Jalan menuju air terjun
Satu jam
sebelum subuh, Farkhad sudah masuk ke kamar saya dan Renat, saya langsung ke
kamar mandi, ambil wudhu, kemudian shalat tahajud sebentar. Saya baru tidur
satu jam kayaknya. Renat masih tidur nyenyak di samping saya, saya biarin aja
dia tidur sampai subuh. Setelah subuh, kami sarapan bareng tuan rumah, karena
rencananya kami akan memulai perjalanan pagi ini sesegera mungkin.
Mobil
sudah siap di depan rumah, sopir juga sudah siap sambil manasin mobil. Rencana
awal mau menggunakan jasa travel malah nggak jadi, karena ternyata kakak yang
punya rumah mempunyai mobil lengkap dengan sopir yang siap mengantarkan kami
jalan-jalan hari ini. Setelah semua dirasa siap, perjalanan pun dimulai. Well,
karena saya kurang tidur, saya malah molor di mobil. Renat juga ikutan molor.
Air Terjun Tiu Kelep
Perjalanan
menuju air terjun Sendang Gila dan Tiu Kelep cukup jauh. Untungnya kami
menggunakan mobil sebagai transportasi menuju sana. Kalo pake motor, saya yakin
nggak bakalan kuat. Maklum, saya ini orangnya nggak betah berlama-lama di atas
motor, apalagi kalo diboncengin, duh, alamat ketiduran di atas motor. Perjalanan
menuju air terjun cukup merefresh otak yang beberapa waktu lalu baru selesai
menghadapi ujian akhir semester. Gunung Rinjani nan cantik seolah memanggil
kami untuk segera mendaki ke puncaknya *halah*. Harusnya saya bisa mendaki
Gunung Rinjani selama di Lombok, tapi nggak memungkinkan. Mungkin di kunjungan
saya selanjutnya.
Setelah
sampai di Tempat Parkir kendaraan, kami turun, kemudian membeli tiket masuk
seharga 10.000,/org. Kami menuruni anak tangga yang cukup banyak untuk sampai
ke air terjun Sendang Gila. Farkhad dan Istrinya asik foto-foto, duh, ini
bedanya kalo jalan-jalan sama istri. *mendadak pengen nikah segera* haha.
Baiklah, meski nggak bawa istri, setidaknya saya ada pasangan yang tidak lain
adalah Renat. Haha. Well, siapa lagi yang siap saya jadikan model kali ini kalo
bukan Renat?
“Renat is
my super model right now,” ucap saya sambil becanda, kemudian diikuti
gelak tawa Farkhad. Renat ikutan ketawa sambil tetap bergaya di depan saya.

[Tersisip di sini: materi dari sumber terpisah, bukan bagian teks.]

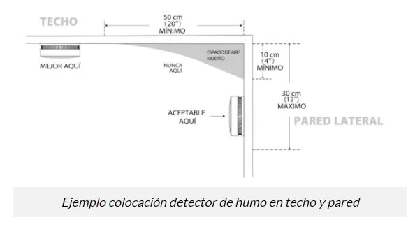 Si el detector se instala en una pared lateral, deberá estar a una distancia de entre 10-30cm por debajo del techo.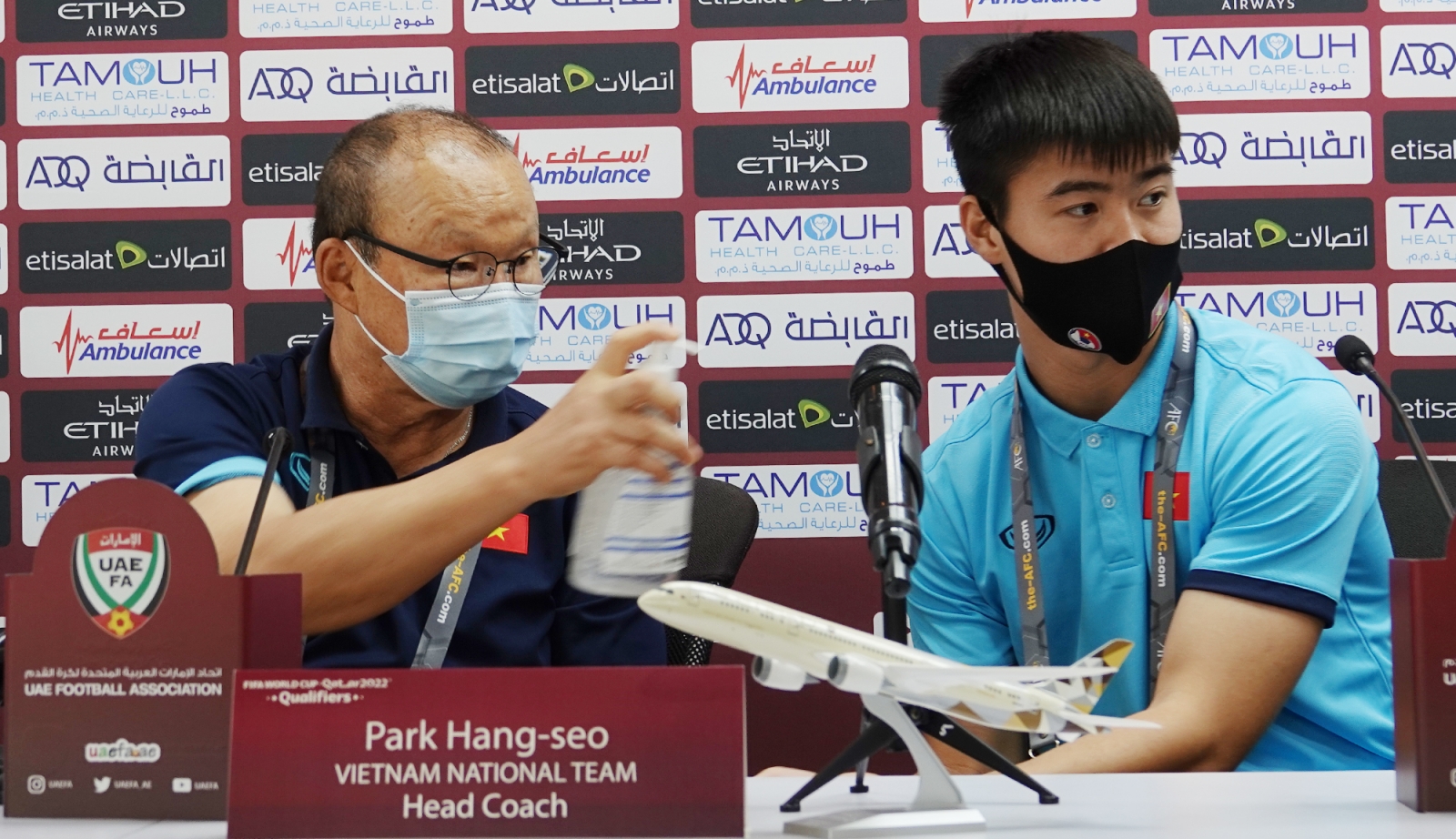 Trung vệ Đỗ Duy Mạnh là người được chỉ định cùng thầy Park đi dự họp báo. Trong lúc chờ đợi buổi làm việc chính thức bắt đầu, ông thầy người Hàn Quốc liên lục rửa tay sát khuẩn, đồng thời còn xịt cho Duy Mạnh.

Setiap kali saya minta dia pasang aksi di depan kamera, dia selalu siap, atau
bahkan kadang dia sendiri yang minta difotoin dan setiap kali selesai motret
dia, dia selalu ikutan mau motret saya dan kebanyakan saya tolak, haha.
Sepertinya saya sudah kebanyakan foto. Dulu, Renat rada susah dipotret.
Sekarang mah udah nggak, masa berteman sama tukang foto malah nggak jadi banci
foto, kan, nggak, seru *dilempar DSLR*
Renat Sarimov
Pas sampai
di Lokasi air terjun Sendang Gila, Renat menghidupkan satu lagu berbahasa
Rusia, kemudian meminta saya merekam suasana air terjun dengan backsound
lagu Rusia, haha. Setelah selesai merekam, selanjutnya adalah foto bareng,
kemudian melanjutkan perjalanan menuju air terjun Tiu Kelep. Perjalanan menuju
kesana kurang lebih 30 menit dari air terjun Sendang Gila. Kami sengaja tidak
menggunakan jasa pemandu. Asal jalan, menelusuri jalanan yang tidak terlalu
mulus menuju sana.
Sepanjang
jalan, saya dan Renat kebanyakan berantemnya, saling dorong satu sama lain.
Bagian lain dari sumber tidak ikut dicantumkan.